══ SUPPLIED INFORMATION

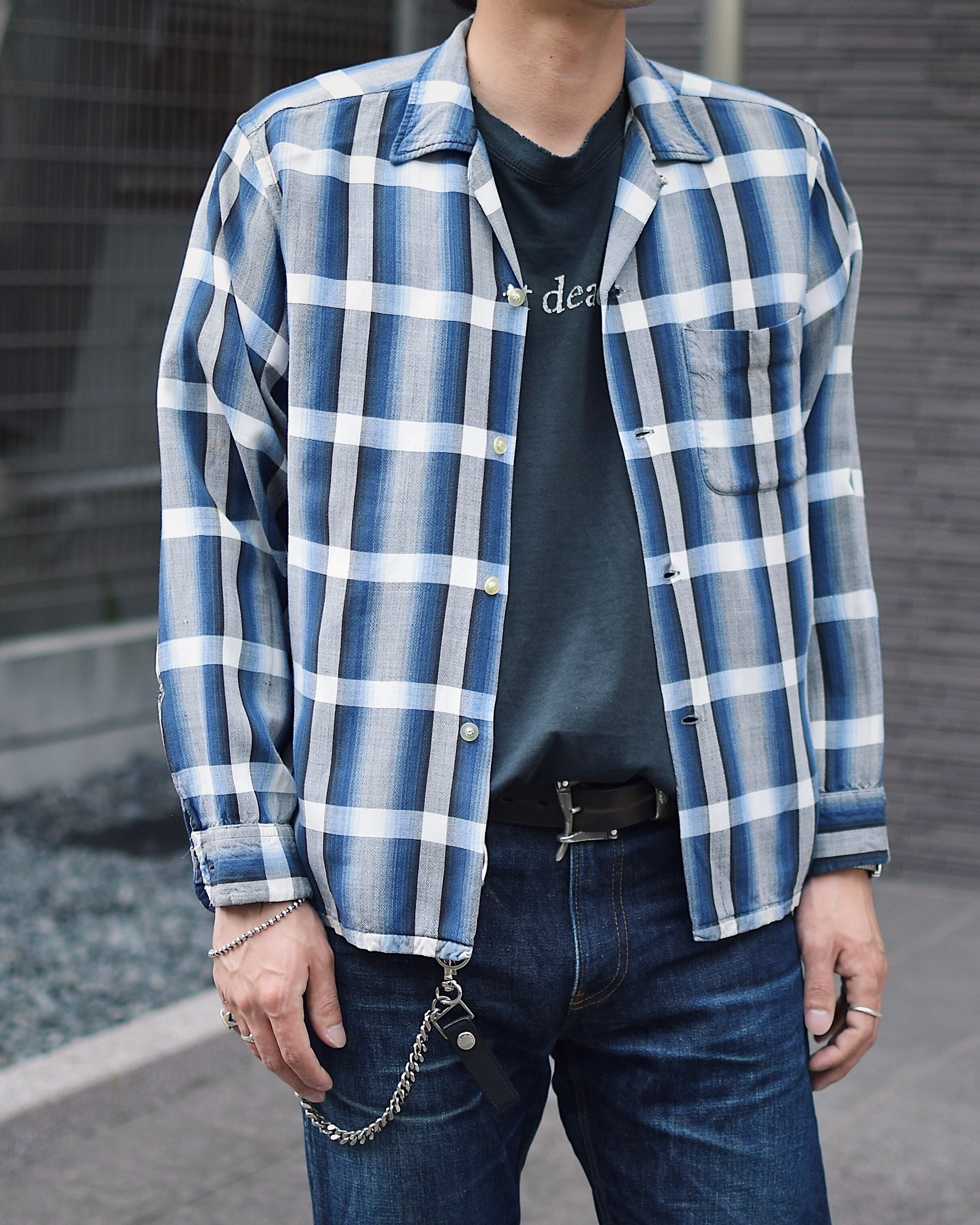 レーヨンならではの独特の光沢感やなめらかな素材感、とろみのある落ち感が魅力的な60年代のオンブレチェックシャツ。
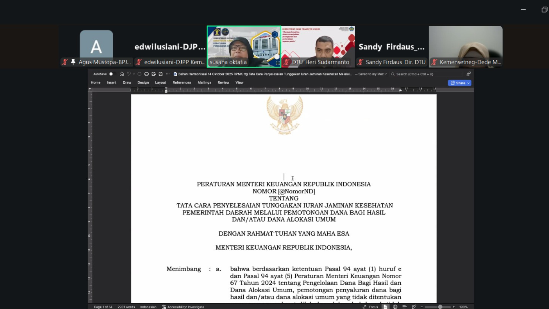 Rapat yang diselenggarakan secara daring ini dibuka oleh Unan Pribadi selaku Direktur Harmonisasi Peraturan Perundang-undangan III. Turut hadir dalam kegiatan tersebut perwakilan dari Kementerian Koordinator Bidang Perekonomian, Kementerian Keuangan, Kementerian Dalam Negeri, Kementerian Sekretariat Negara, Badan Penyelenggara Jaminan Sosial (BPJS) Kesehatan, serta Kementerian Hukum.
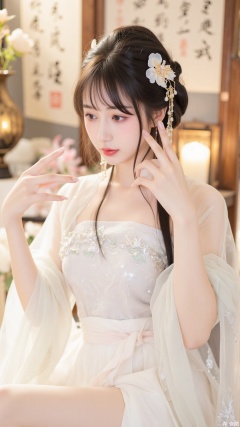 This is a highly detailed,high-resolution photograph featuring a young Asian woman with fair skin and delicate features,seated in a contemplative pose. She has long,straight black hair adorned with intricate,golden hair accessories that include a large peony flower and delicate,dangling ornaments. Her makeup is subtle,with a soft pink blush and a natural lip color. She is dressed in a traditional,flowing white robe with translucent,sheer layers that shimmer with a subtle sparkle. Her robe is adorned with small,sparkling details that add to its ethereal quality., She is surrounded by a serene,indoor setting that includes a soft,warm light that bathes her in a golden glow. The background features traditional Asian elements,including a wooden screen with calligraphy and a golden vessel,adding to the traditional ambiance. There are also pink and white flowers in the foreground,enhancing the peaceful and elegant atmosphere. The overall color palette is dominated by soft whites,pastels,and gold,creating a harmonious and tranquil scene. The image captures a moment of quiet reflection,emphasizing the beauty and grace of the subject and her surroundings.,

════
══ SUPPLIED INFORMATION

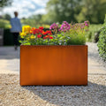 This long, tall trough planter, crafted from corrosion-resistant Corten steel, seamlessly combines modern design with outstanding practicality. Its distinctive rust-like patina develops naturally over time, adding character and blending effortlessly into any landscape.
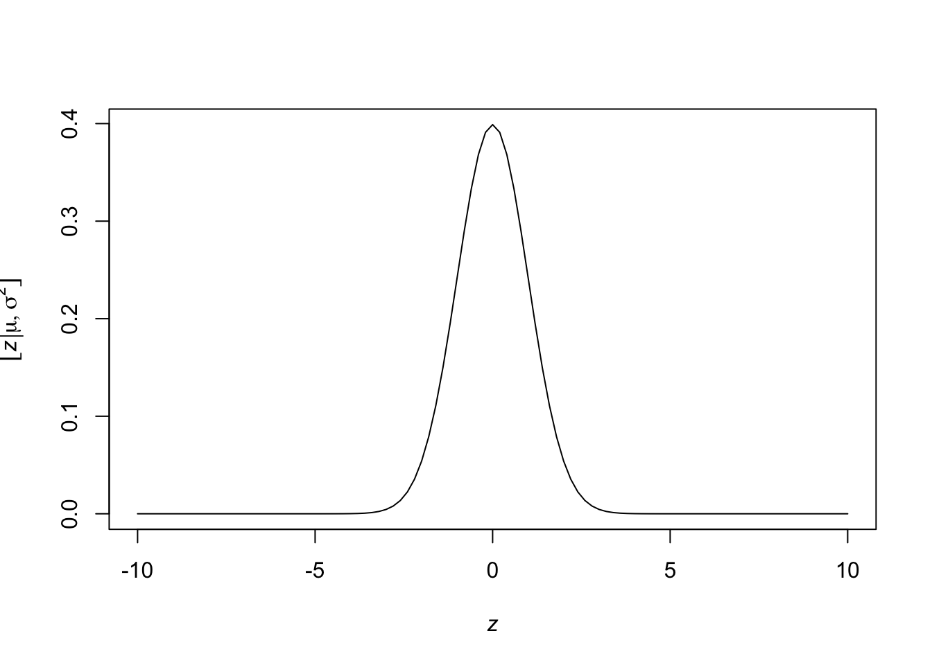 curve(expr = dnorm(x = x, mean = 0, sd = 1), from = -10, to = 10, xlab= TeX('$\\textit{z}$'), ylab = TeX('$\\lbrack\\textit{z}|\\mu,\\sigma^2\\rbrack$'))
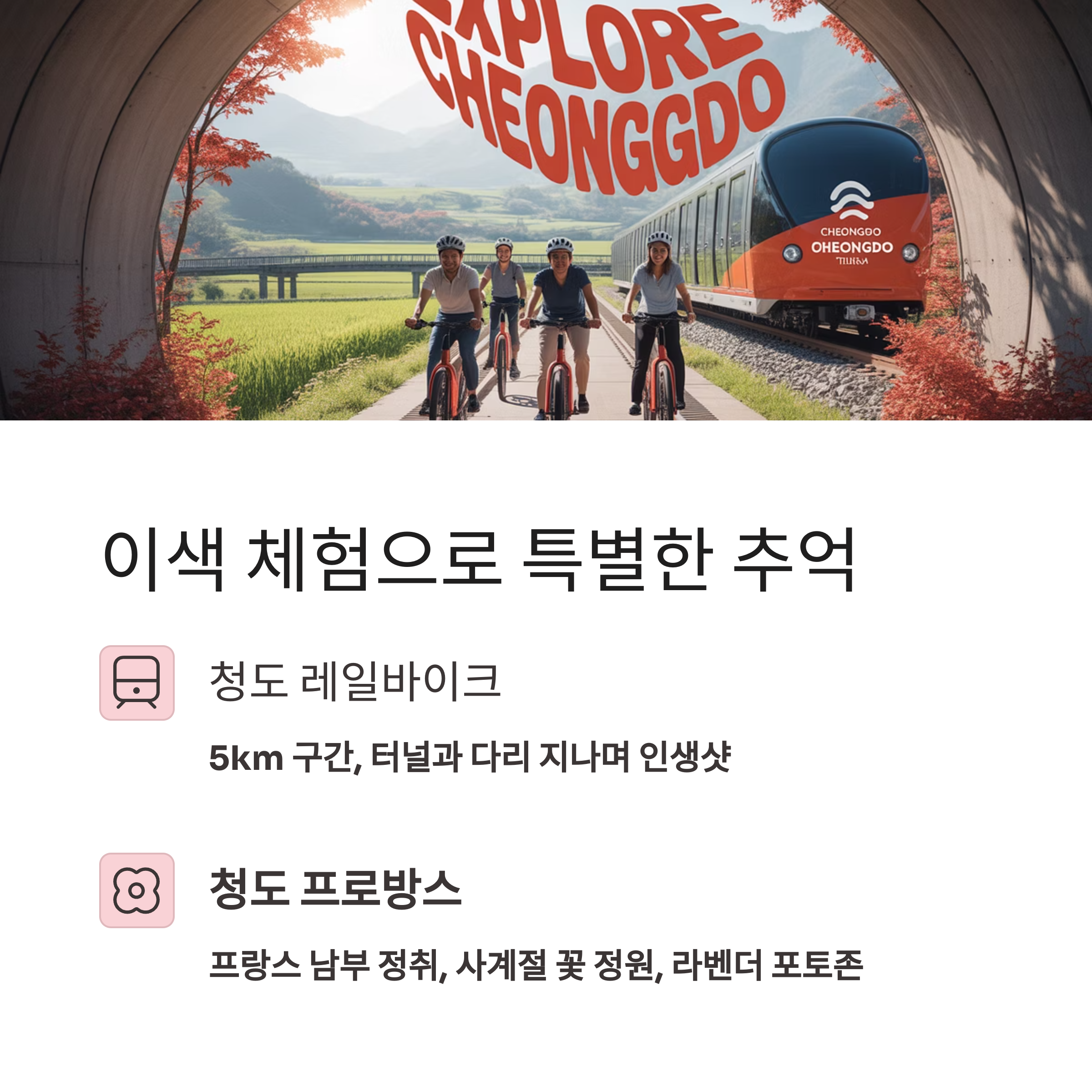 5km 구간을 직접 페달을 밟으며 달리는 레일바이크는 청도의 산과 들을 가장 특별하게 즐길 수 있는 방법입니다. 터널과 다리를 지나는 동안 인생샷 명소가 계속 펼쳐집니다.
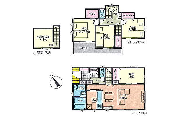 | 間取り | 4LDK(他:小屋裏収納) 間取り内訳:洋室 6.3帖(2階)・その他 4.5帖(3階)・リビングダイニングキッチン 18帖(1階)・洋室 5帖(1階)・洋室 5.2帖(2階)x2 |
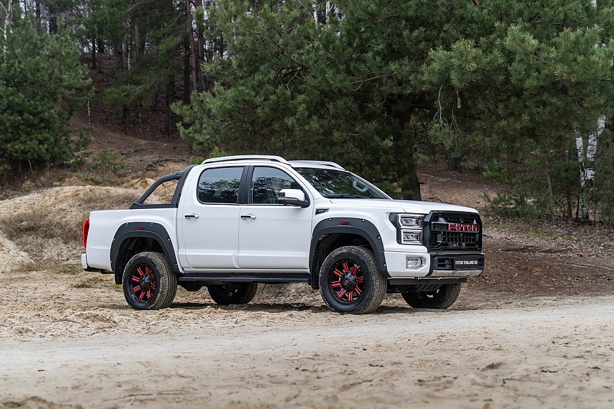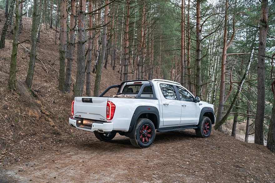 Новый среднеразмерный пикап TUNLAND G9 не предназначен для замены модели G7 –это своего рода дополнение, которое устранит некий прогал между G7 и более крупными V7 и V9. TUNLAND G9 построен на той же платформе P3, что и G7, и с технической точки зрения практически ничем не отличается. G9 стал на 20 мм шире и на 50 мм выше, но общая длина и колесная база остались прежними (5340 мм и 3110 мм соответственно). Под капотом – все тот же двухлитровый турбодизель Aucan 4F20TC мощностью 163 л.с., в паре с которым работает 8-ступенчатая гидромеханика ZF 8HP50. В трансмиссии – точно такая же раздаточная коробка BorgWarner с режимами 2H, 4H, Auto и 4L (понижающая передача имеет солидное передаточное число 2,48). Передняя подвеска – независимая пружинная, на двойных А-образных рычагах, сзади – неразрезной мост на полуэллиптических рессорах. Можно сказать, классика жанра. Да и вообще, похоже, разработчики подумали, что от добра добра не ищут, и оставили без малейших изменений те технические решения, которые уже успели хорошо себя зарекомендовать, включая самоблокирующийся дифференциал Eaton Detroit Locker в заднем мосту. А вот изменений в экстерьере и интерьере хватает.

════

TO DO -
Word for word, restate the lines above from the one with "レーヨンならではの独特の光沢" through the one with "Rapat yang diselenggarakan", keeping both ends and dropping the pictures.

ANSWER TO THIS TASK -
 レーヨンならではの独特の光沢感やなめらかな素材感、とろみのある落ち感が魅力的な60年代のオンブレチェックシャツ。
 Rapat yang diselenggarakan secara daring ini dibuka oleh Unan Pribadi selaku Direktur Harmonisasi Peraturan Perundang-undangan III. Turut hadir dalam kegiatan tersebut perwakilan dari Kementerian Koordinator Bidang Perekonomian, Kementerian Keuangan, Kementerian Dalam Negeri, Kementerian Sekretariat Negara, Badan Penyelenggara Jaminan Sosial (BPJS) Kesehatan, serta Kementerian Hukum.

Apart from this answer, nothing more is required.